On iOS, ASPresentationAnchor is a typealias for UIWindow. For the sake of simplicity, let’s go with a minimal implementation (the actual one doesn’t use force unwrapping):

class AuthorizationProvider: NSObject, ASAuthorizationControllerPresentationContextProviding {

    func presentationAnchor(
        for controller: ASAuthorizationController
    ) -> ASPresentationAnchor {
        UIApplication.shared.connectedScenes // ⚠️ Main actor-isolated class property 'shared' can not be referenced from a non-isolated context
            .compactMap { $0 as? UIWindowScene }.first!.keyWindow!
    }
}

Recall that all of UIKit is annotated with @MainActor, so the above code emits warnings about accessing UIApplication. Annotating this class with @MainActor makes the type no longer conform to the protocol, because the protocol is not@MainActor:

@MainActor class AuthorizationProvider: NSObject, ASAuthorizationControllerPresentationContextProviding {

    func presentationAnchor( // ⚠️ Main actor-isolated instance method 'presentationAnchor(for:)' cannot be used to satisfy nonisolated protocol requirement
        for controller: ASAuthorizationController
    ) -> ASPresentationAnchor {
        UIApplication.shared.connectedScenes
            .compactMap { $0 as?

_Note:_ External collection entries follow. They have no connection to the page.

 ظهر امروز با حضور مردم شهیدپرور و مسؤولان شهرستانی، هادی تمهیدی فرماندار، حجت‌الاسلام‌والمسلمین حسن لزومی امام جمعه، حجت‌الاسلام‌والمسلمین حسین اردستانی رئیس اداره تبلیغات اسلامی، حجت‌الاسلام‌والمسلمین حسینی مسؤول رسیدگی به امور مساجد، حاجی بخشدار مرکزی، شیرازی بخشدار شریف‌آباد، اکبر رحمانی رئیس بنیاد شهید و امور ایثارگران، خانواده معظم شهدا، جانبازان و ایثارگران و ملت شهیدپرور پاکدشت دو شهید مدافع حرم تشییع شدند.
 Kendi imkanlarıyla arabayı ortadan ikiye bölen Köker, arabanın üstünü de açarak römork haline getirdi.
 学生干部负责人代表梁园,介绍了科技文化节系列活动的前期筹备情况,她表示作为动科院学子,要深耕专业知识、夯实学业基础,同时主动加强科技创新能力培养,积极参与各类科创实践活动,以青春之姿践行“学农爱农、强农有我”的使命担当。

UIWindowScene }.first!.keyWindow!
    }
}

We can recover the conformance by making the method nonisolated, but this brings back the original error, because now the access to UIApplication is once again not happening @MainActor.

@MainActor class AuthorizationProvider: NSObject, ASAuthorizationControllerPresentationContextProviding {
    
    nonisolated func presentationAnchor(
        for controller: ASAuthorizationController
    ) -> ASPresentationAnchor {
        UIApplication.shared.connectedScenes // ⚠️ Main actor-isolated class property 'shared' can not be referenced from a non-isolated context
            .compactMap { $0 as? UIWindowScene }.first!.keyWindow!
    }
}

Unlike the previous examples, this method actually returns a value and is not async, so we cannot simply use a Task to get around the issue.

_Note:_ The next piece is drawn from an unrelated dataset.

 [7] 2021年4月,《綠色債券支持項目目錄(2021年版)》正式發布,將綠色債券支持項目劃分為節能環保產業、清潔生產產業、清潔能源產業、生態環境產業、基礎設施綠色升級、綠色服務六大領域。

Here we have to use the assumeIsolated – a method defined on the Actor protocol itself. The documentation states:

This API should only be used as last resort, when it is not possible to express the current execution context definitely belongs to the specified actor in other ways. E.g. one may need to use this in a delegate style API, where a synchronous method is guaranteed to be called by the specified actor, however it is not possible to move this method as being declared on the specified actor.

This precisely describes the situation. Applying the method here satisfies the compiler:

class AuthorizationProvider: NSObject, ASAuthorizationControllerPresentationContextProviding {
    
    func presentationAnchor(
        for controller: ASAuthorizationController
    ) -> ASPresentationAnchor {
        MainActor.assumeIsolated {
            UIApplication.shared.connectedScenes
                .compactMap { $0 as? UIWindowScene }.first!.keyWindow!
        }
    }
}

Conclusion

In all the error messages shown in this post, I omitted the last part:

this is an error in Swift 6

With Swift 6 likely coming later this year, it’s a good time to start updating apps so that this doesn’t become a blocker in the future.

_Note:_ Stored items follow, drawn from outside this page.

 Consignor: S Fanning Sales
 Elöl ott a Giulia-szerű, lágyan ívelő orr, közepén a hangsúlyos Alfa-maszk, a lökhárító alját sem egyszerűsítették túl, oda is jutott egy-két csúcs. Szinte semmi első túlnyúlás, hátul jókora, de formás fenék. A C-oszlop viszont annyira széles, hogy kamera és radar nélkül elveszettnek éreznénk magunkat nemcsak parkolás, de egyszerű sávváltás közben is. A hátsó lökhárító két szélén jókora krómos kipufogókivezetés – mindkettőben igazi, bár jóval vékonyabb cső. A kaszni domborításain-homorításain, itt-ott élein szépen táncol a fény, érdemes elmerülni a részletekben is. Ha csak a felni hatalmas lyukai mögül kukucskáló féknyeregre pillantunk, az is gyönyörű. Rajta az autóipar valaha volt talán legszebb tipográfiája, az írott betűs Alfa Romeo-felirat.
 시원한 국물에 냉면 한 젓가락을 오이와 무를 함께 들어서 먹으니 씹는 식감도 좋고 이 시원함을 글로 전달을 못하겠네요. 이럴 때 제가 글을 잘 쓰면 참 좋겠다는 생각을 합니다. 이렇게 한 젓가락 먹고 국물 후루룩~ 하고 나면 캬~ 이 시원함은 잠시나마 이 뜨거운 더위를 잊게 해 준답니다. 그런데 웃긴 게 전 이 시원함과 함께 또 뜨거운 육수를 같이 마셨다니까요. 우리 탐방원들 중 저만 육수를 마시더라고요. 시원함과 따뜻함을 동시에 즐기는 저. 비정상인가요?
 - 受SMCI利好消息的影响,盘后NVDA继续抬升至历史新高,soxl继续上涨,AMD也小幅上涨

The instructions for enabling concurrency checking can be found here. Note that if your app uses Swift packages, updating the settings in the Xcode project does not also turn it on for the packages — this has to be done separately.

Ultimately, even though the transition can be painful, adopting the concurrency checking does lead to safer code and I applaud the Swift team for getting to this point.